Odell Barnes Jr. (March 22, 1968, – March 1, 2000) was a Texas man convicted of the 1989 murder of Helen Bass. During the later stages of Barnes' legal appeals, human rights groups and anti-death penalty advocates raised questions about Barnes' murder conviction, leading to international media attention and diplomatic protests from the government of France. Barnes was executed on March 1, 2000.

Murder and conviction 

The murder occurred on November 29, 1989, in Wichita Falls, Texas. Bass, 42, was surprised by Barnes, who had broken into her home while at work, then robbed, beaten, stabbed, and killed by a headshot. She may have also been raped.

Barnes's conviction was based on forensic evidence and witness testimony placing him at the crime scene. His fingerprints were on a bedside lamp that was used to bludgeon Bass, traces of his semen were present at the scene, and two patches of blood on his clothing were confirmed by DNA analysis to have been hers. Prosecution witnesses described seeing Barnes trespassing in Bass's yard about one hour before she returned from work. When arrested, he had a .32 caliber pistol belonging to Bass.

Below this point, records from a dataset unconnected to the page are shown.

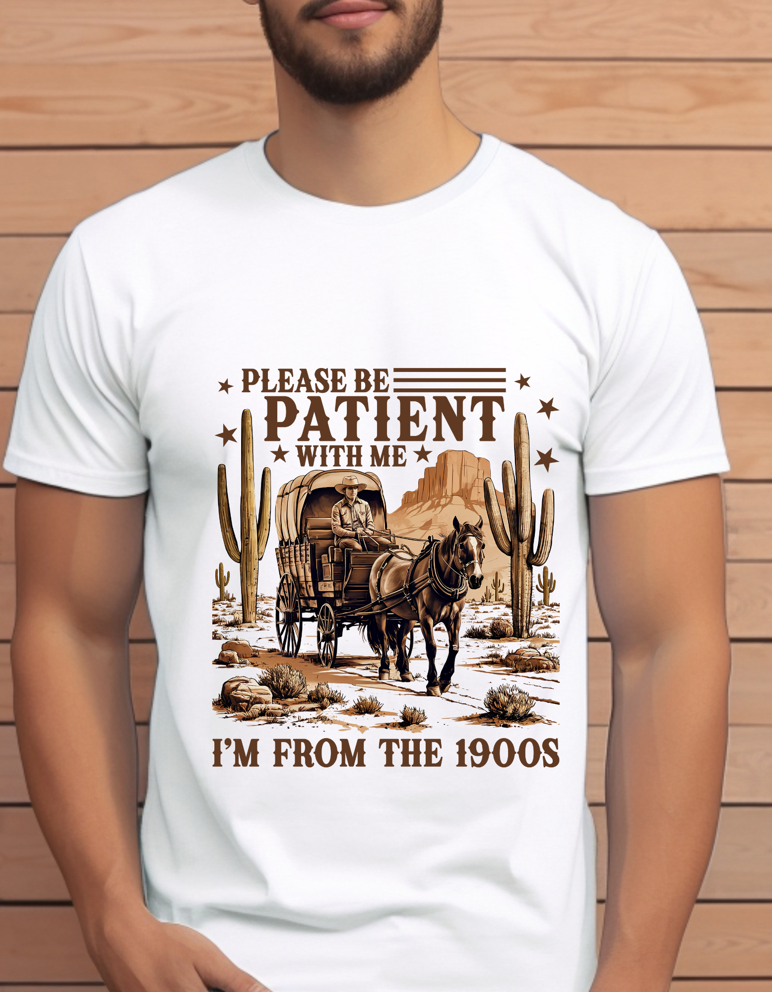 A humorous tee that reads, "Please be patient with me, I'm from the 1900's," playfully poking fun at feeling out-of-date in the tech-savvy 21st century. Perfect for vintage souls!
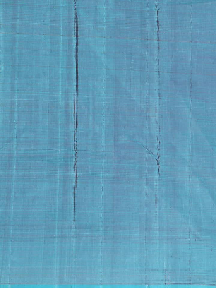 The saree is complemented by a breathtaking aqua blue contrast pallu, intricately detailed with shimmering zari weaving, adding a festive radiance to every movement. Paired with a matching aqua blue blouse, this ensemble is crafted to make you stand out effortlessly at grand celebrations.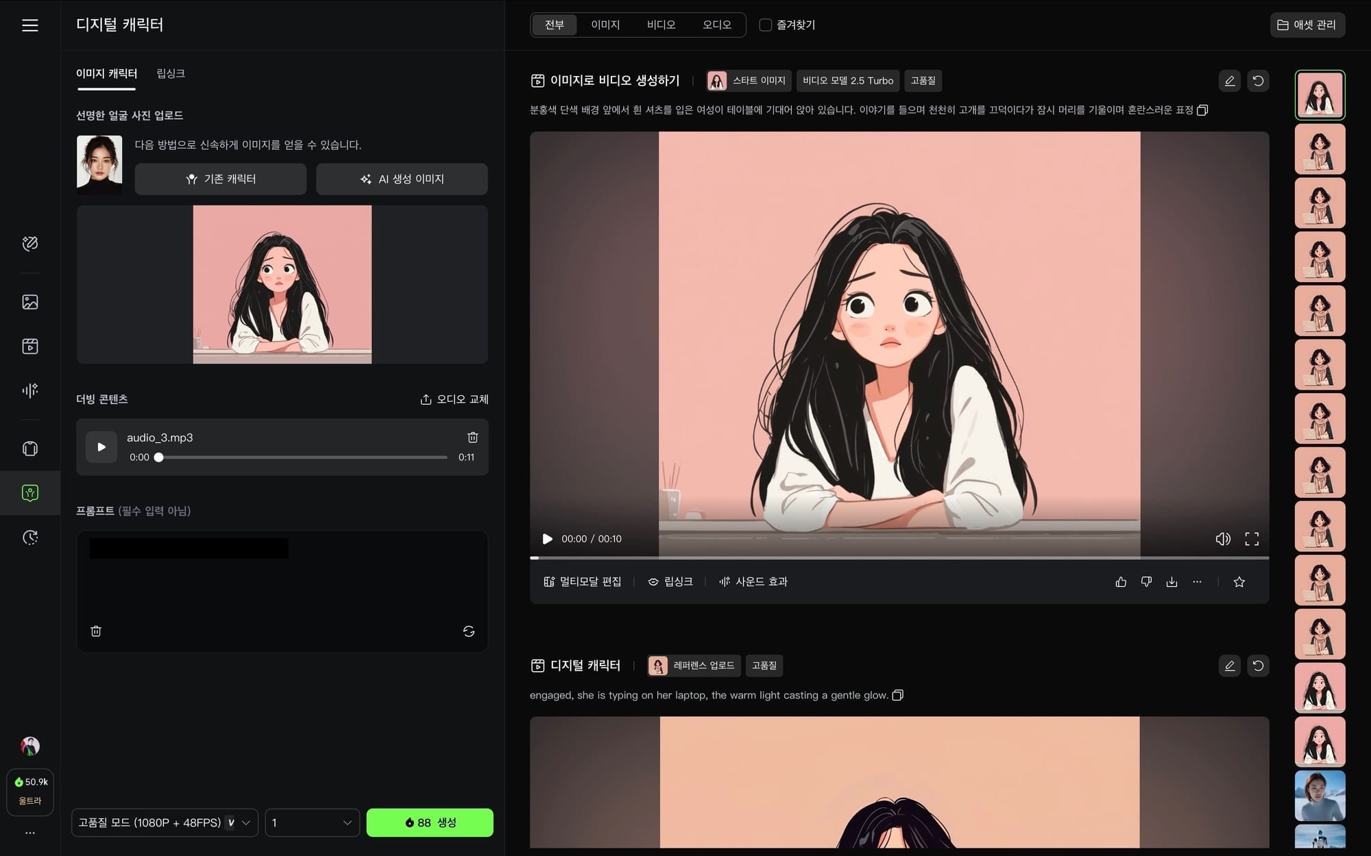 μλμ κ°μ΄ Midjourneyλ‘ μμ±ν μ΄λ―Έμ§μ Typecastμμ μμ±ν μ€λμ€ νμΌμ μ λ‘λνμ¬ μμμ μμ±ν©λλ€.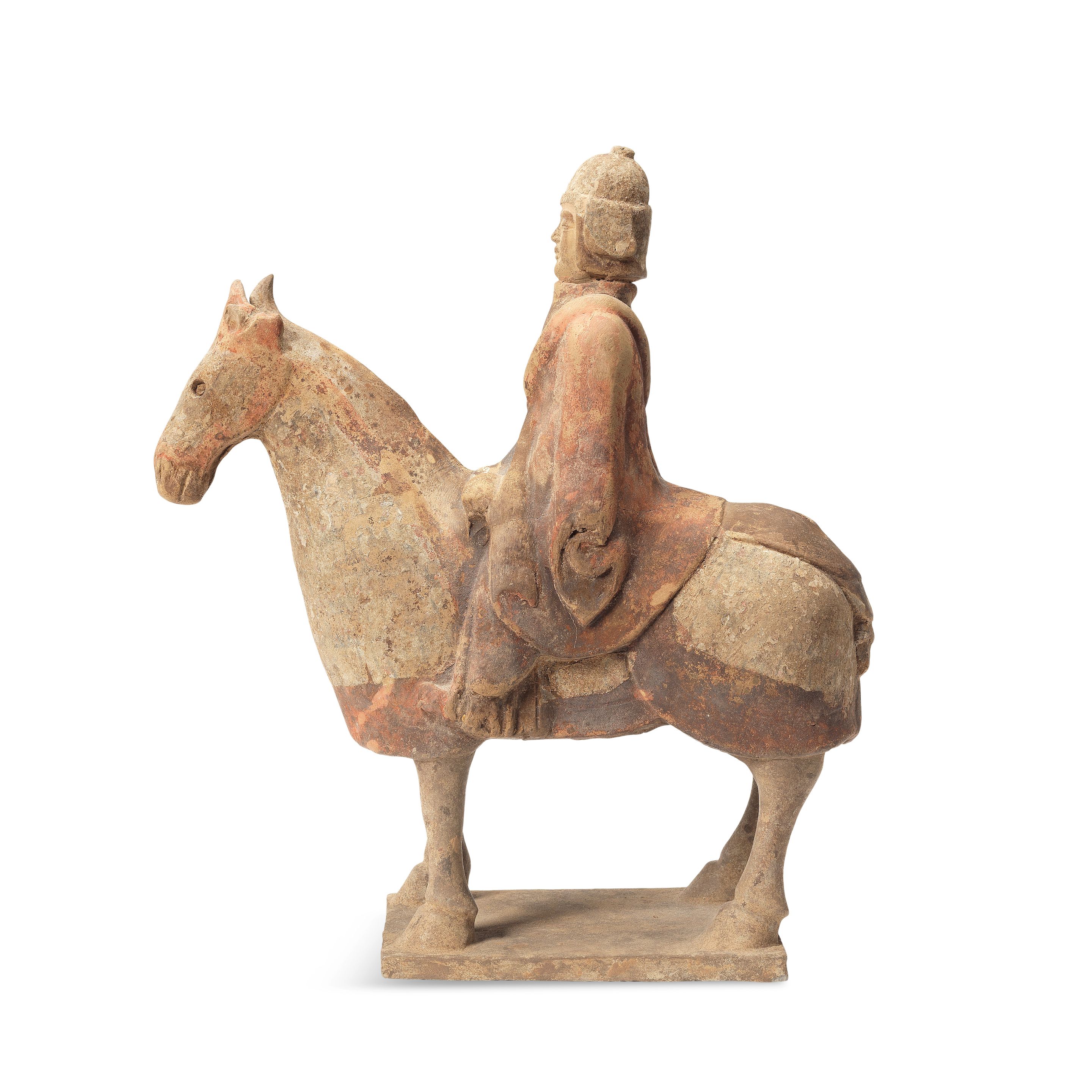 A Chinese terracotta equestrian group of a warrior on horseback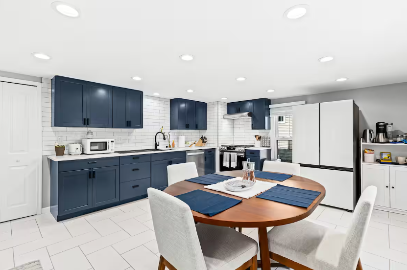 Kitchen is fully stocked for cooking and serving meals. Blender, air fryer, etc.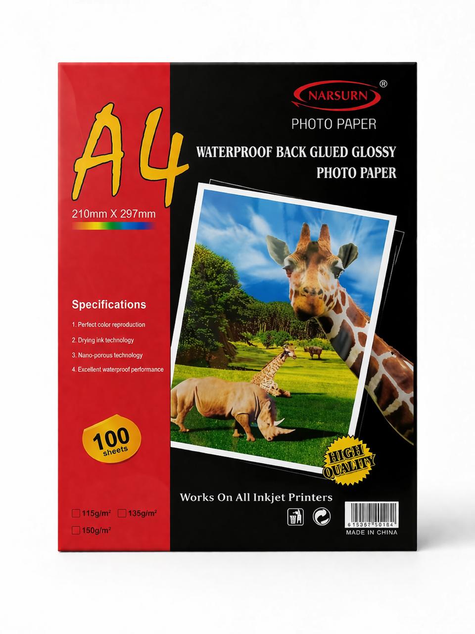 Papier photo brillant –  Format : A4- Grammage : 135 g- Finition : Brillante- Autocollant : Oui- Conditionnement : Paquet de 100 feuilles- Idéal pour impressions photo, étiquettes et créations personnalisées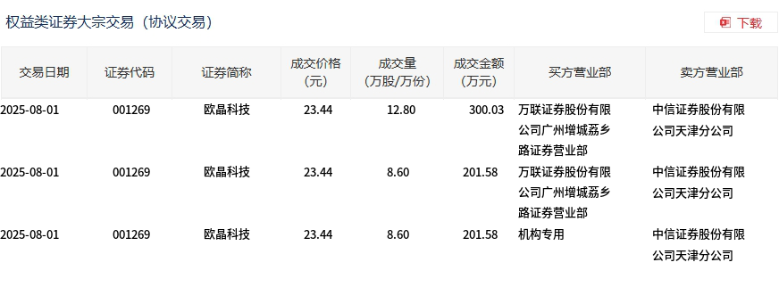 8月1日,欧晶科技大宗交易成交30万股,成交额703.19万元,占当日总成交额的4.04%,成交价23.44元,较市场收盘价26.81元折价12.57%。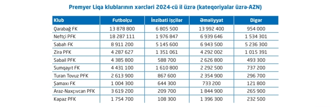 Maraqlıdır ki, "Neftçi" futbolçularına daha çox maş verib. Bakılılar 2024-cü ildə oyunçularına ümumilikdə 18 milyon manatdan çox məvacib verib.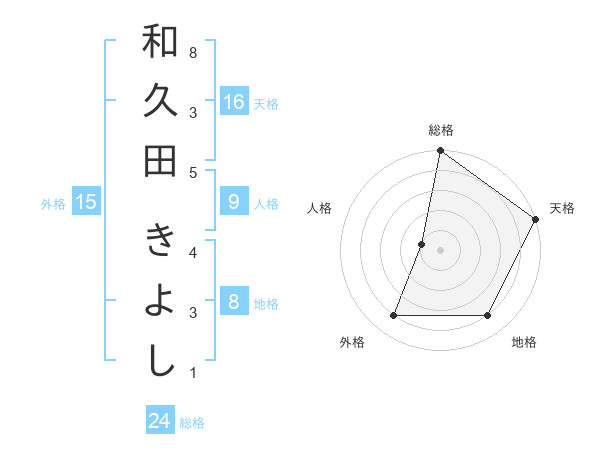 和久田 きよしさんの天格は16画の5点!
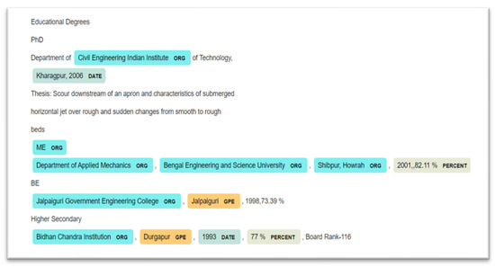The second step is to create a profile by uploading a CV. In this step, the CV is uploaded through the “Affinda API” option. In this step, PDF files are uploaded by a user on a website and, with the help of the Affinda API, parsing will be done and, further, the information will be saved into the database, as shown in Figure 8. The data will be received in text format and then it will be easy to manipulate that data using Regular Expressions and save them into the database. The steps are explained in Algorithm 3.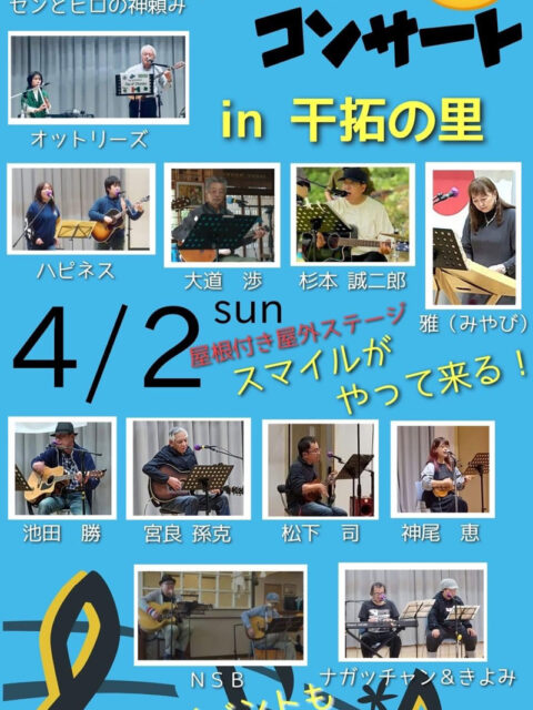 2023年4月1日 / 最終更新日時 : 2023年10月31日 干拓の里 イベント 第10回スマイルコンサート(4/2)※終了 春の日差しの中で、音楽を!! 地元演者によるライブステージ!! 第10回スマイルコンサート開催 開催日:令和5年4月2日(日) 時 間:10:00~ タイムスケジュール 10:00・・・開会 10:30・・・松下 司 1 […]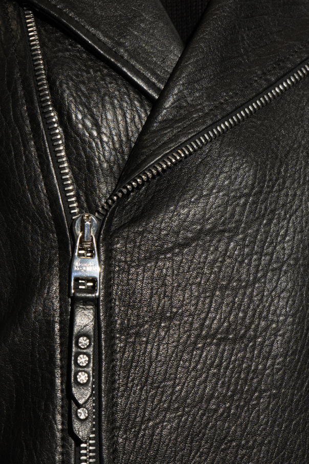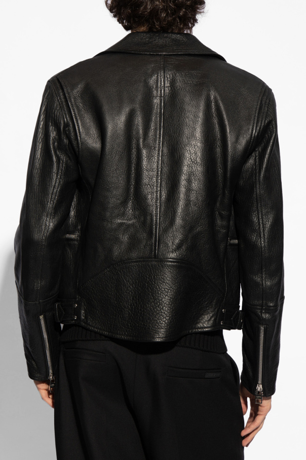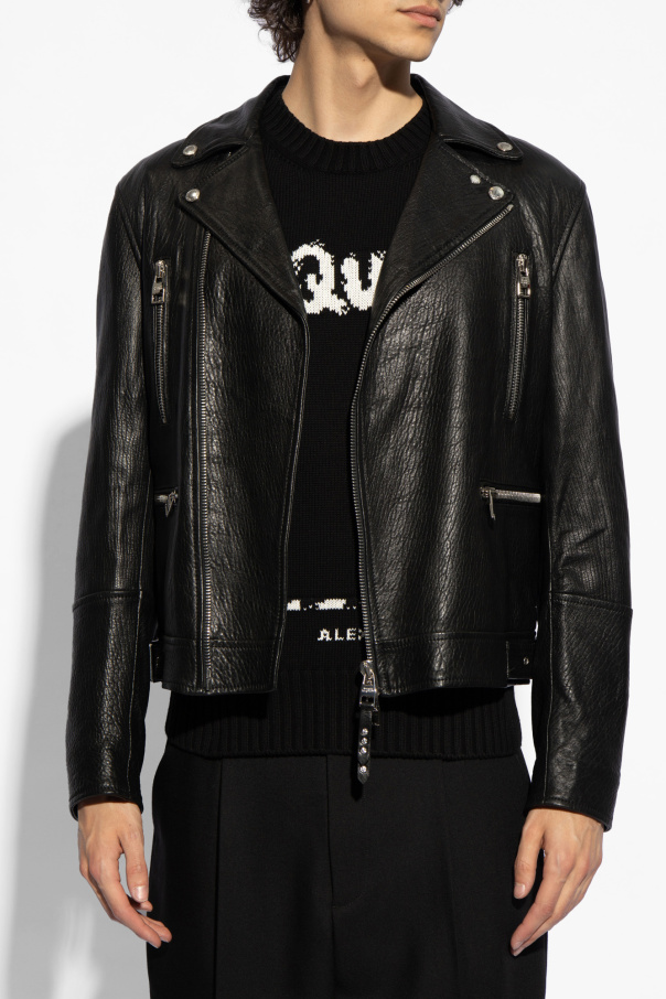 Black biker jacket from Alexander McQueen. Crafted from lamb leather, this style has two-way zip closure, four zip pockets on the front, buckle tabs for adjustable fit on the sides and long sleeves with zipped cuffs.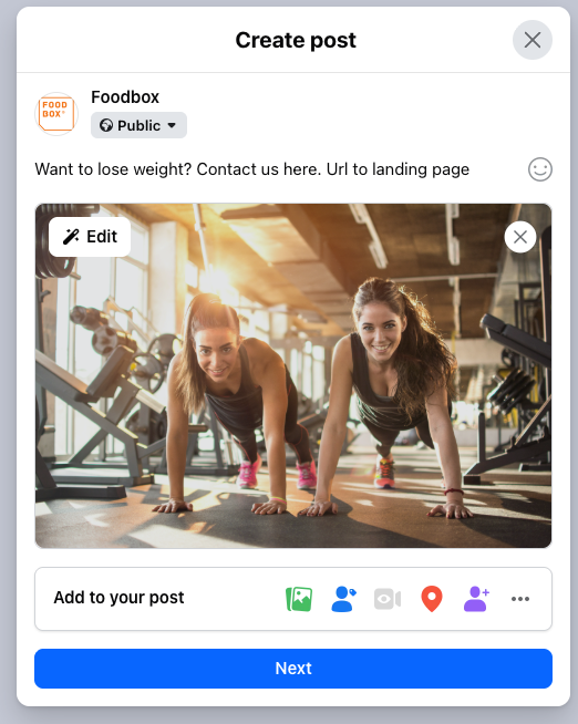 Here you can publish a campaign text and an image on your local Facebook page that links to a landing page. If you use Wondr’s templates, suggested campaign text is included under each campaign.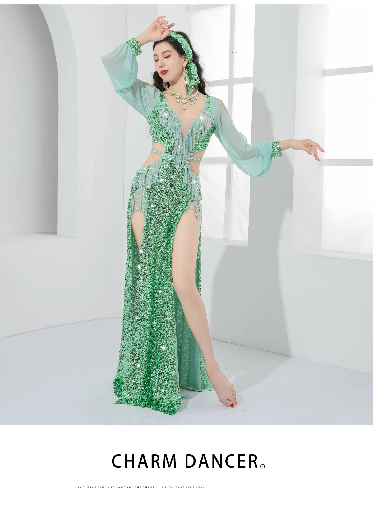 Oriental Dance Competition Clothing Belly Dance Performance Costume for Women Light Luxury Sequin AB Stones Fringe Dress Adult

Barnes had a prior record for two robberies. He had been unable to afford his lawyers, and the Wichita County Public Defender's office was not equipped to handle his case, so two local attorneys were appointed for him. Their budget and preparation were minimal, no defense investigation was conducted, and no forensic tests were ordered by the defense. Barnes was convicted by the jury after three hours of deliberation and sentenced to death shortly after.

Appeals process
During Barnes' appeals process, two new attorneys were appointed to his case by a Federal court. European anti-death penalty activists contributed some $16,000 to his defense fund, and the new lawyers paid for forensic tests out of their pocket. The new defense team uncovered deficiencies in the forensic evidence, serious errors and oversights by the original defense team, and problems with the credibility of prosecution witnesses.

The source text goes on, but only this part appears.